A whole series of experiments are conducted to compare the performance of different type of heat sink. One of the difficulty in this type experiments is the mounting of heat sink and the measurement of temperature. A successful measurement should consider the material of the peltier module, heat sink compound, material of heat sink as well as the mounting method to achieve the best binding force.

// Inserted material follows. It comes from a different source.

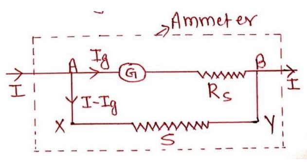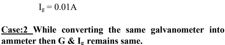 Section titled “# Conversion of galvanometer into an ammeter:”Since, galvanometer and shunt are in parallel combination, ∴ p.d. across shunt (S) = p.d. across galvanometer (G)

It was found that when different types of heat sink methods are applied to dissipate the heat from the hot side of the peltier module, the cold side temperature is proportional to the rate of temperature drop, the pressure applied to the peltier module as well as the thermal conductivity of the heat sink. Metallic heat sink of various form and shape together with water cooled heat sink are used and it was found that water-cooled heat sink has the best performance which can achieve -22 degree Celsius at ambient condition. A new type of heat sink arrangement is proposed which believes when used can achieve a higher cooling capacity.

Contents

Chapter Page

Introduction

-Background

– Problem statement

– Aims and objectives

– Limitation of the study

– Structure of the report

– Formulation of the project topic

– Justification of the project

Literature review

-Thermoelectric principle

– Heat sink research

Methodology

– Procedure for setup Peltier Module

– Various metallic conductors on Peltier Module

– Compression Pressure on Peltier Module

– Water cooling for metallic conductor on Peltier Module

Result and Discussion

– Experience Results for testing no. 1

– Experience Results for testing no. 2

– Experience Results for testing no. 3

– Experience Results for testing no. 4

Conclusions and Future Application

– Conclusions about the project

– Future Application

Reference

Appendix

Photo record for experience result (Various metallic conductors on Peltier Module)

Photo record for experience result (Compression Pressure on Peltier Module)

Photo record for experience result (Compression Pressure on Peltier Module)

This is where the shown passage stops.